The song of the Yellow-throated Warbler would please you, kind reader. Of this I have not a doubt, as it is soft and loud, and is continued for two or three minutes at a time, not unlike that of the Painted Finch, or Indigo-bird. As it is heard in all parts of our most dismal cypress swamps, it contributes to soothe the mind of a person whose occupation may lead him to such places. I never saw this species on the ground. The male and the female are nearly alike in plumage, but the young birds, which hunt for insects in company, in the manner of Creepers or Titmice, do not acquire the yellow on the throat, nor the full brilliancy of their plumage, until the first spring.

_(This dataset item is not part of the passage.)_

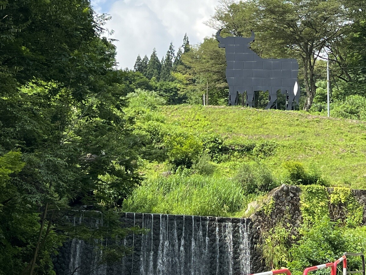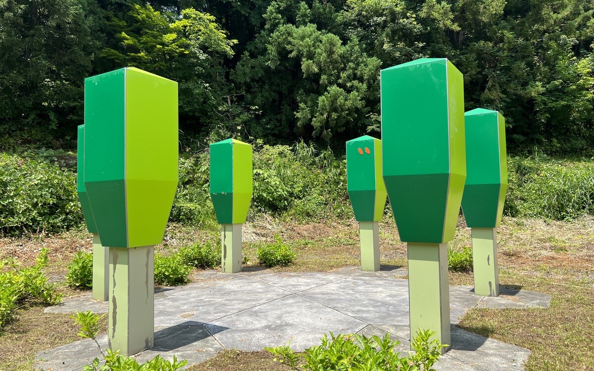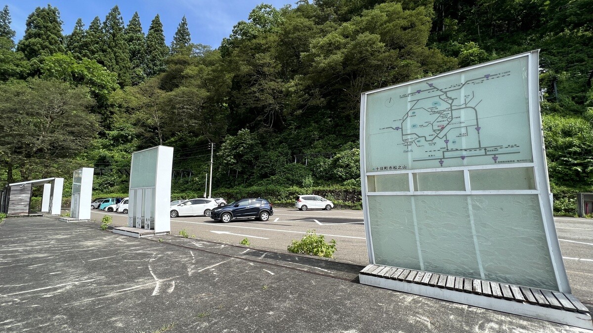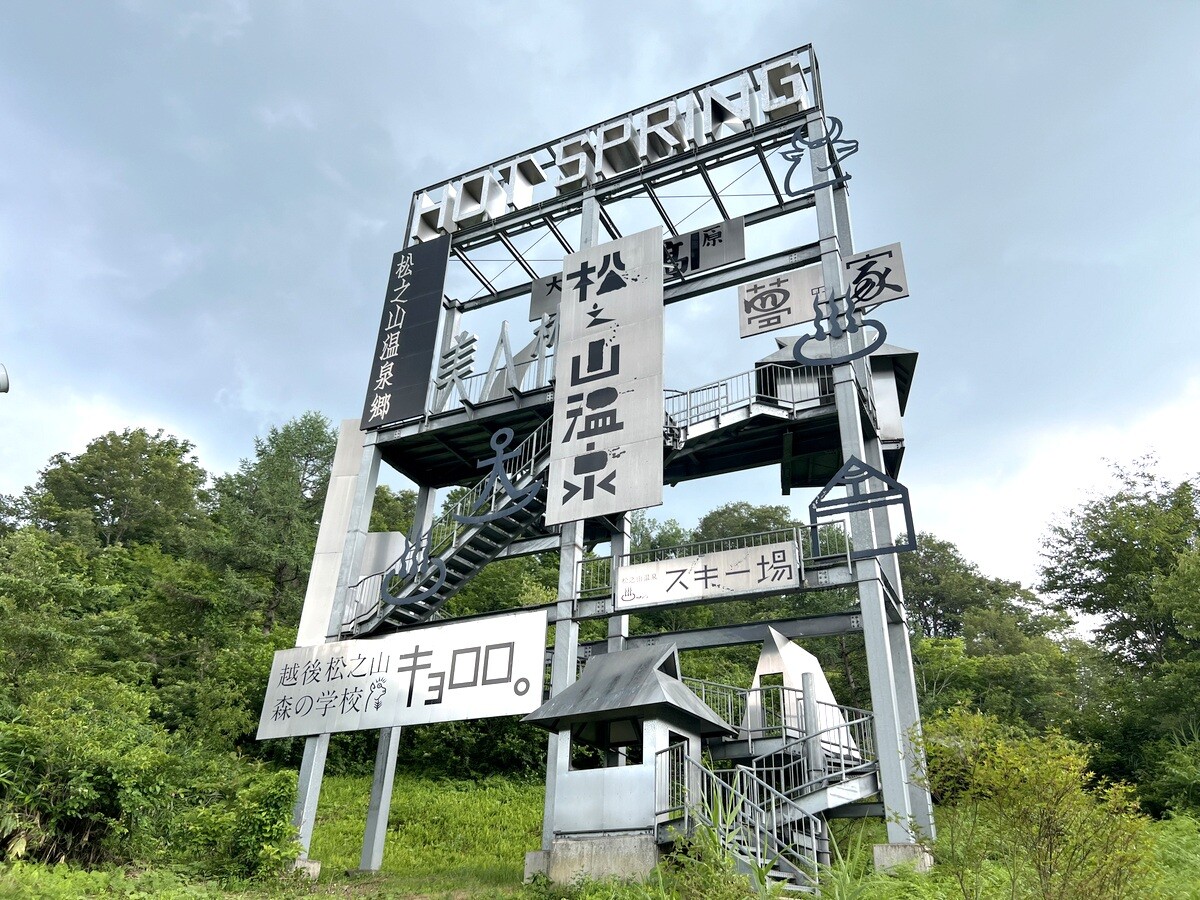 交差点にある高さ20メートルの建物は、松之山の地図となっており、文字はタイポグラファーの浅葉克己氏によるもの。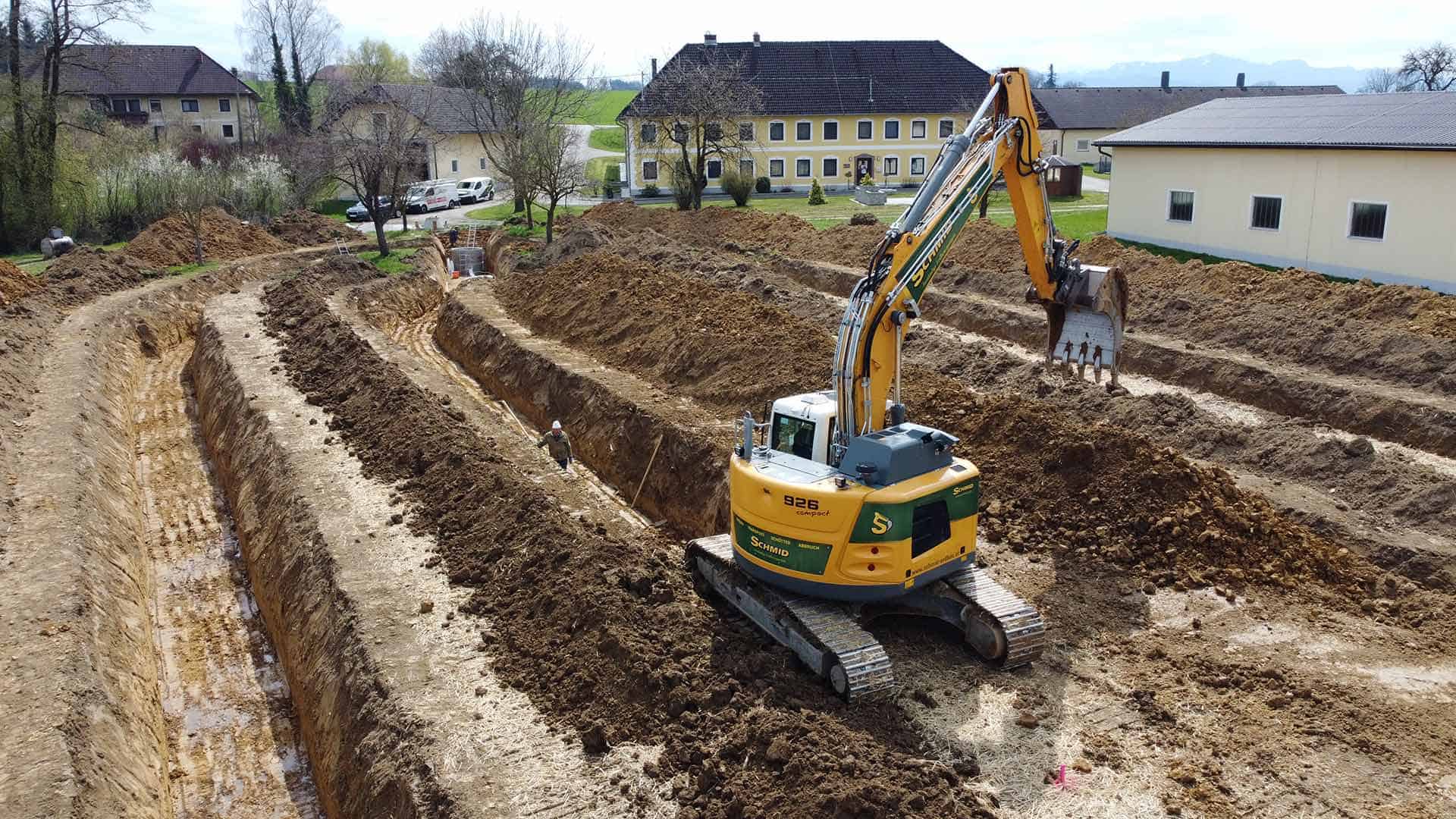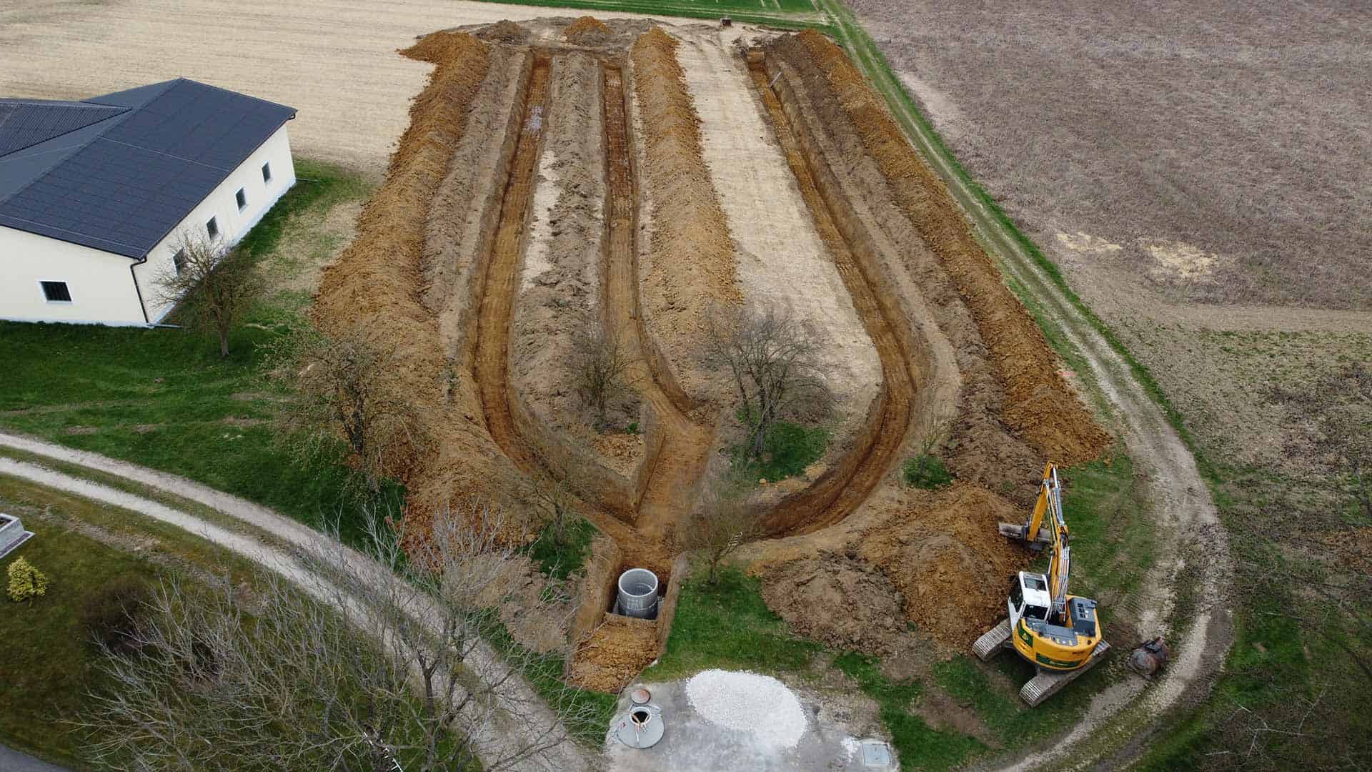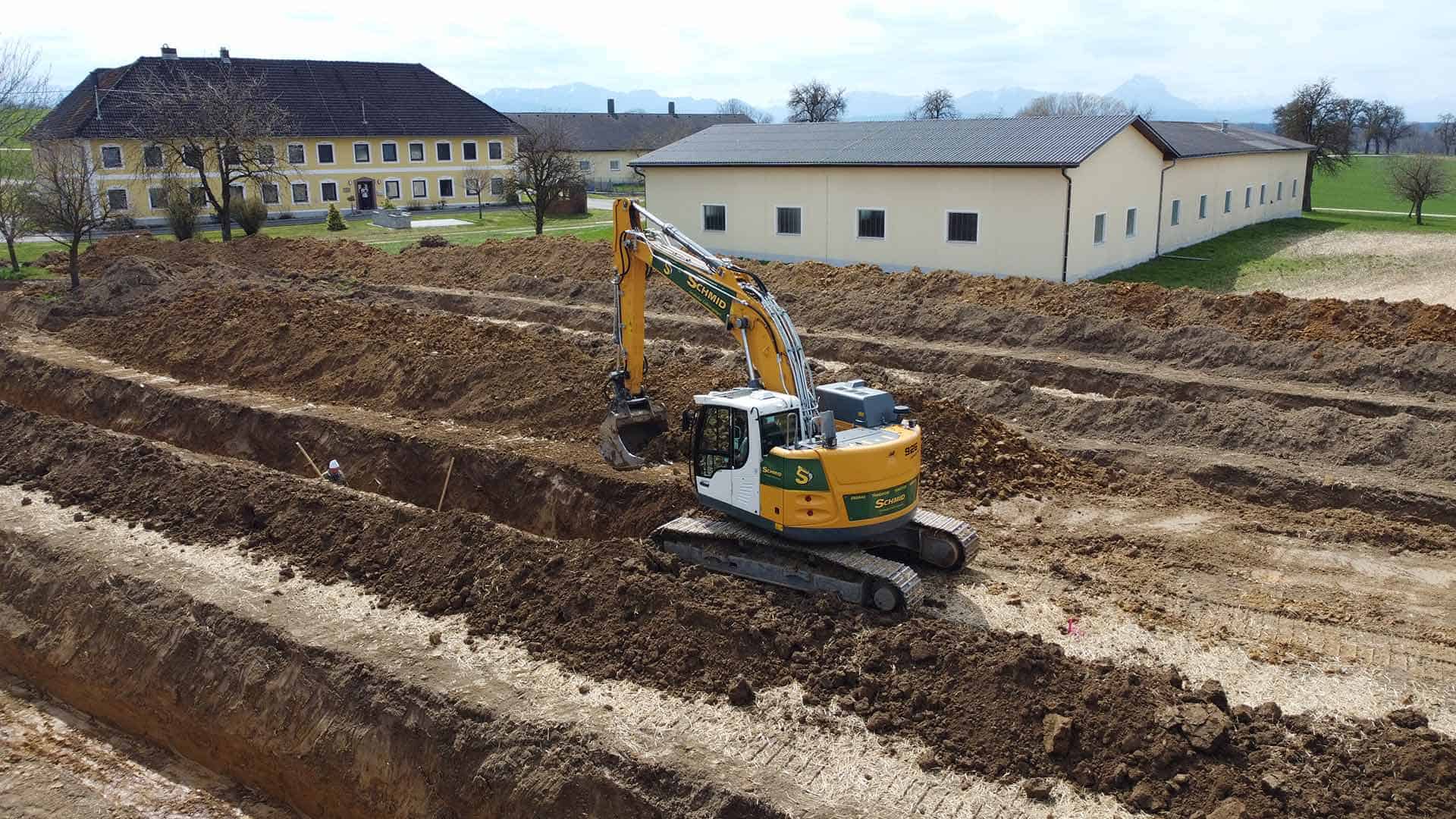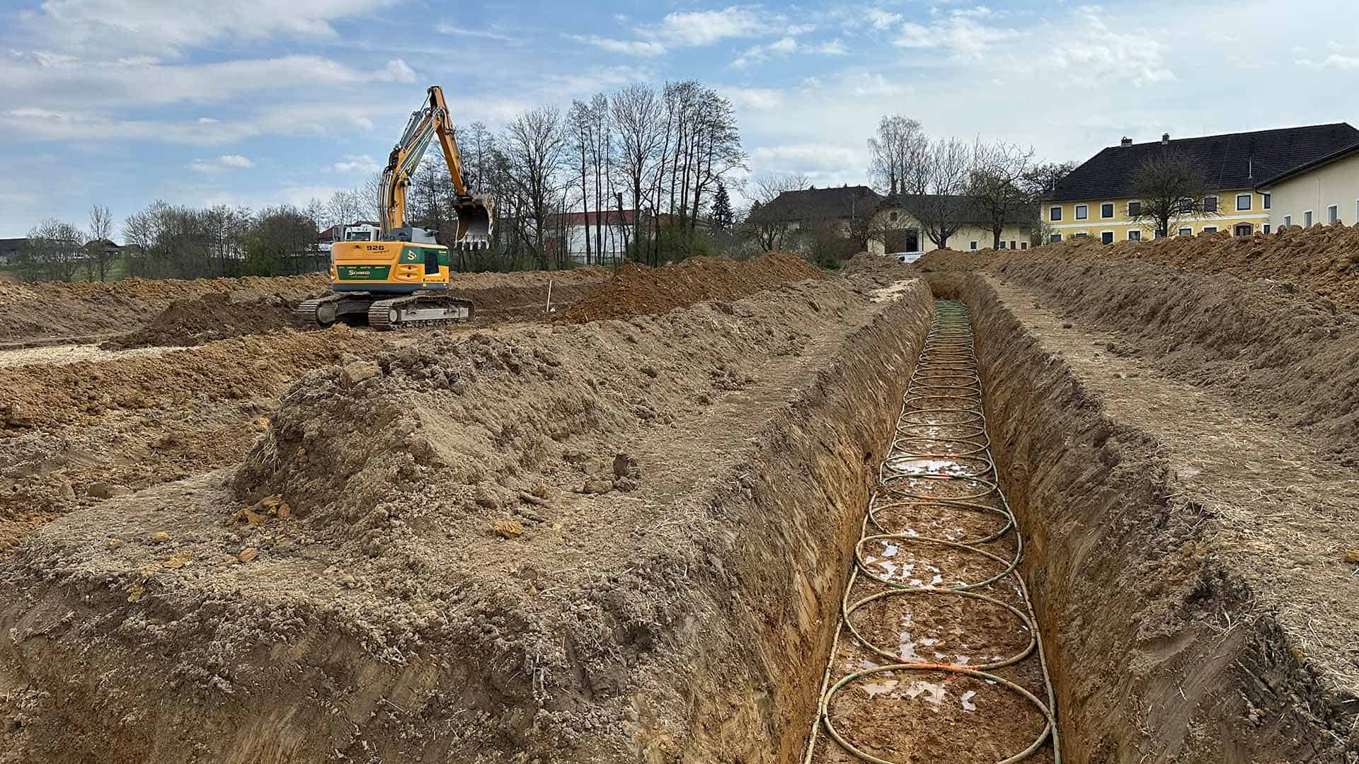 In Ried im Traunkreis führten wir den Aushub Erdwärmeheizung Ried für die Verlegung eines Ringgrabenkollektors durch und ermöglichten den Umstieg auf Erdwärme.

These birds confine themselves to the Southern States, seldom moving farther towards the Middle Districts than North Carolina. They do not even ascend the Mississippi farther than the Walnut Hills. They are abundant in the neighbourhood of the Red river, and probably do not go farther south than Mexico, during their short absence from the United States.
 
Happening to shoot several of these birds on a large chinquapin tree, growing on the edge of a hill close to a swamp, I have put a male on one of its twigs, which is furnished with a few fruits quite ripe and ready to leave their husks. In the Southern States this tree is rare. It generally prefers elevated places,.and rocky declivities, with an and soil. The wood resembles that of the chestnut, but the trees being generally small, little use is made of it as timber. The fruit is eaten by children. This tree is abundant along the greater part of the range of the Alleghanies and its branches.